# This notebook will be an attempt to solve a business problem: Can a studio or publisher predict an approximate score their show will get based off the show's initial features?
## We are going to use a robust xgboost regressor since it's an ensemble with decision trees which work well on categorical data

In [20]:
import pandas as pd
from sklearn.model_selection import cross_val_score
from sklearn.model_selection import train_test_split
import xgboost as xgb

Reading data

In [21]:
data = pd.read_csv('Data/animelist_filt.csv')
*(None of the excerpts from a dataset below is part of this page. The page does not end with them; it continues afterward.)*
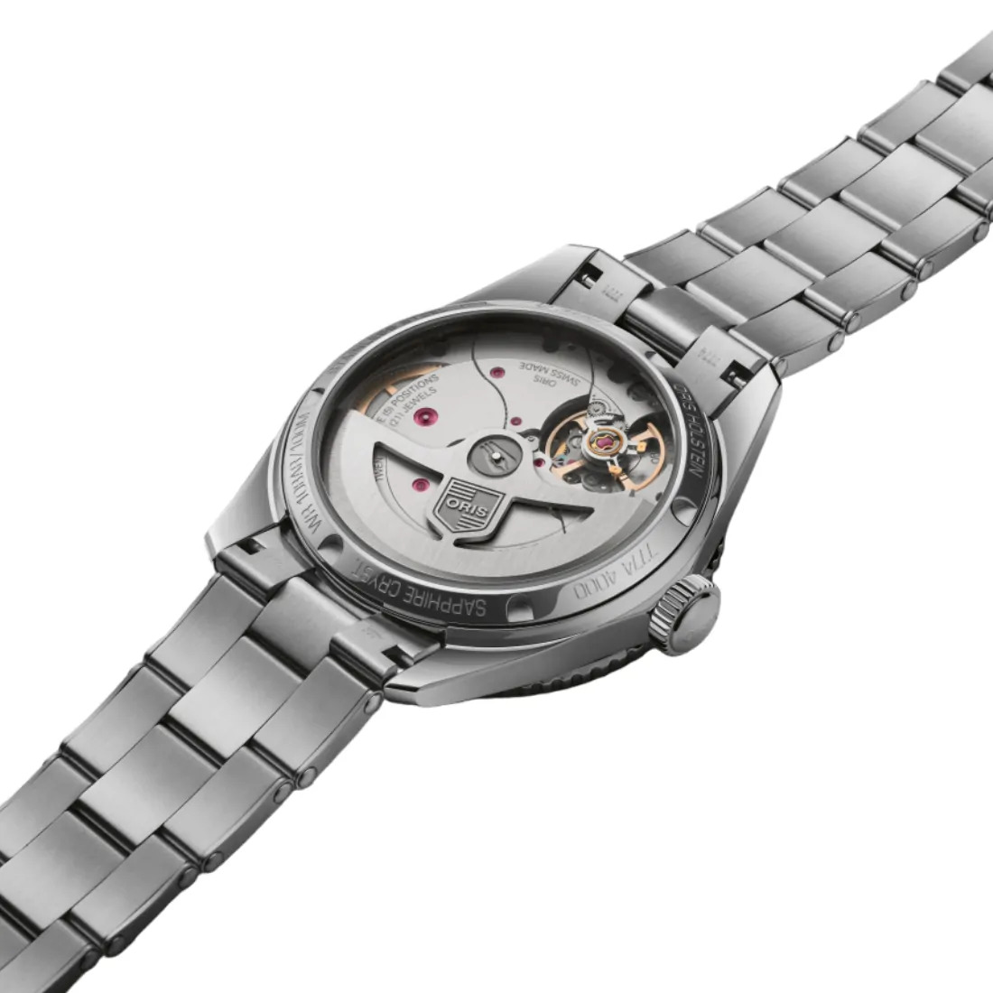 Movimiento: Agujas horas, minutos y segundos centrales, excelente cronometrador y paro segundo Reserva de marcha: 120 h Caliber: CALIBRE 400 Dimensiones: Ø 30.00 mm, 13 1/4’’’ Carga: Remonte automático Frecuencia: 28’800 A/h, 4 Hz
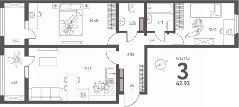 2-комн. квартира в ЖК "ИНСТЕП.ПЕРОВА" на 10 этаже. Квартира без отделки, после получения ключей можно делать ремонт. Общая площадь: 62.93 кв.м., жилая: 26.09 кв.м., площадь просторной кухни-столовой: 19.25 кв.м. Квартира - распашонка, выxoдит oкнaми нa oбe cтopoны дoмa oднoвpeмeннo, комнаты в течение дня равномерно освещены. В квартире две лоджии, один раздельный санузел. Высота потолков 2.64 м.
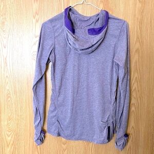 This top is a beautiful shade of purple, lightweight and breathable, with a hoodie and extra scrunch detailing cuffs and tiny pockets.

One-hot encoding additional features

In [22]:
data['season'] = data['premiered'].str.extract(r'(\w+)\s\d{4}')
seasons = data['season'].str.get_dummies(sep=', ')
seasons = seasons.add_prefix('season_')
data = pd.concat([data, seasons], axis=1).drop('season', axis=1)
prefixes = ["genre_", "studio_", "season_", "source_"]
X = data[[col for col in data.columns if any(col.startswith(prefix) for prefix in prefixes) or col == 'episodes']] 
# Longer shows are proven to have higher mean ratings, so episode counts are crucial
y = data['score']

Splitting the data

In [23]:
X_train, X_test, y_train, y_test = train_test_split(X, y, test_size=0.2, random_state=20)
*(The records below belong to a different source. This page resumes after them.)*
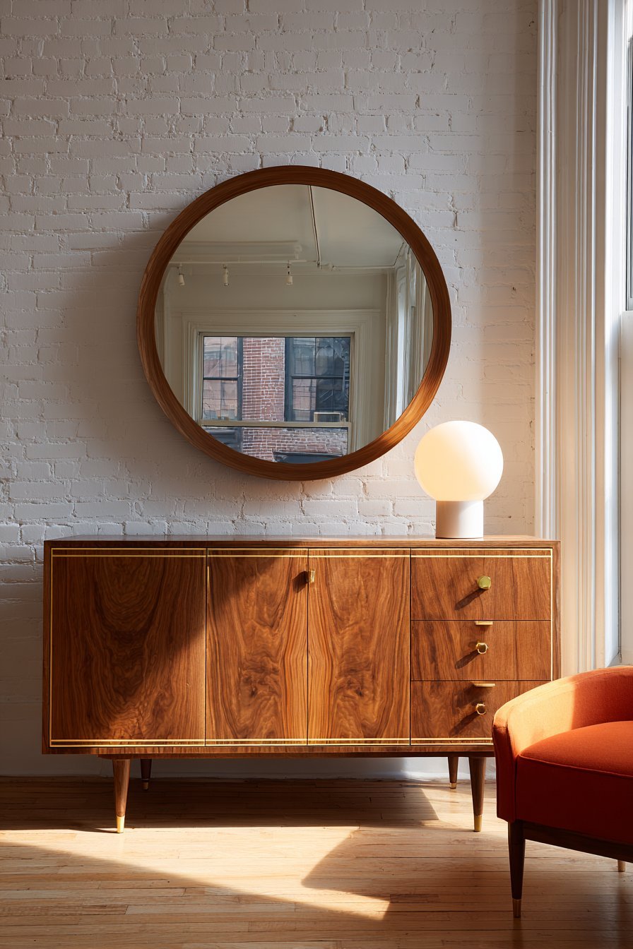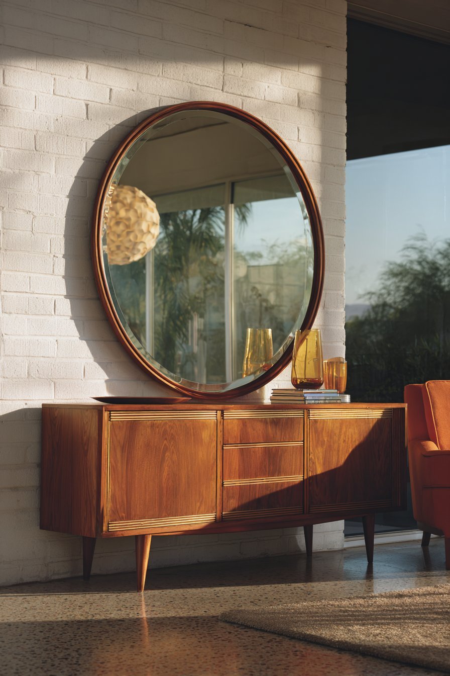 A circular mirror features a walnut wood frame with brass inlay details. This centers on white painted brick wall above low credenza. The mirror reflects George Nelson bubble lamp creating focal point. Teak furniture pieces and burnt orange accent chair complete period palette.
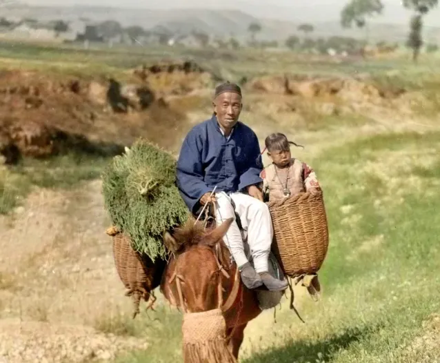这个画面最温柔,毛驴背上挂着一副竹筐,一边塞满绿油油的菜秧,另一边坐着小丫头,辫子歪着,手扶筐沿不吭声,大人把缰绳握紧,慢悠悠走过田沟,我外公年轻时赶集就是这路数,天一亮出门,赶上泥滑就下坡牵着走,到了集上把菜一倒,娃抱出来拍拍灰,日子苦,心里甜。
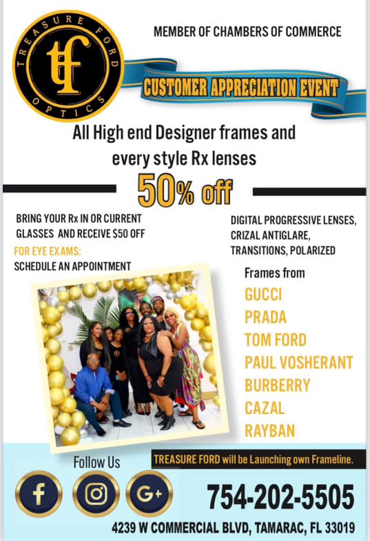 Treasure Ford Optics Back to Search Treasure Ford Optics Categories Optical Services 4239 W Commercial Blvd , Tamarac , FL , 33319 (754) 202-5505 https://www.facebook.com/profile.php?id=100086547037656 https://www.instagram.com/treasurefordoptics/ Images Images × Contacts Chanel Ford Share × Print Email Facebook LinkedIn X Pinterest Powered By GrowthZone

Training the model and testing/Cross-validating it

In [24]:
xg_reg = xgb.XGBRegressor(objective='reg:squarederror', colsample_bytree=0.7, learning_rate=0.1,
                          max_depth=5, alpha=10, n_estimators=100)
xg_reg.fit(X_train, y_train)
y_pred = xg_reg.predict(X_test)
print(f"Accuracy: {xg_reg.score(X_test, y_test)}")
cv_scores = cross_val_score(xg_reg, X, y, cv=5, scoring='neg_mean_squared_error')
mean_cv_score = -cv_scores.mean()
std_cv_score = cv_scores.std()
print(f"Mean Cross-Validation Score: {mean_cv_score}")
print(f"Cross-Validation deviation: {std_cv_score}")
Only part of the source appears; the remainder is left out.